Core of the empirical likelihood estimator

Usage

el_estimator_core(
  missingness_design,
  aux_matrix,
  aux_means,
  respondent_weights,
  analysis_data,
  outcome_expr,
  N_pop,
  formula,
  standardize,
  trim_cap,
  control,
  on_failure,
  family = logit_family(),
  variance_method,
  bootstrap_reps,
  start = NULL,
  trace_level = 0,
  auxiliary_means = NULL
)

Value

List containing estimation results, diagnostics, and metadata.

Arguments

missingness_design

Respondent-side missingness model design matrix (intercept + predictors).

aux_matrix

Auxiliary design matrix on respondents (may have zero columns).

aux_means

Named numeric vector of auxiliary population means (aligned to columns of aux_matrix).

respondent_weights

Numeric vector of respondent weights aligned with missingness_design rows.

analysis_data

Data object used for logging and variance.

outcome_expr

Character string identifying the outcome expression displayed in outputs.

N_pop

Population size on the analysis scale.

formula

Original model formula used for estimation.

standardize

Logical.

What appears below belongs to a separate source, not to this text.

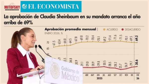 La presidenta Claudia Sheinbaum Pardo arrancó el año con una aprobación nacional promedio de 69.2%, de acuerdo con la encuesta telefónica nacional levantada por Mitofsky para El Economista, cifra 4.7 puntos superior a la registrada en enero de 2025 y 0.3 puntos menor a la de diciembre pasado.

Whether to standardize predictors during estimation.

trim_cap

Numeric. Upper bound for empirical likelihood weight trimming.

control

List of control parameters for the nonlinear equation solver.

on_failure

Character. Action when solver fails.

family

List. Link function specification.

variance_method

Character. Variance estimation method.

bootstrap_reps

Integer. Number of bootstrap replications.

auxiliary_means

Named numeric vector of known population means supplied by the user.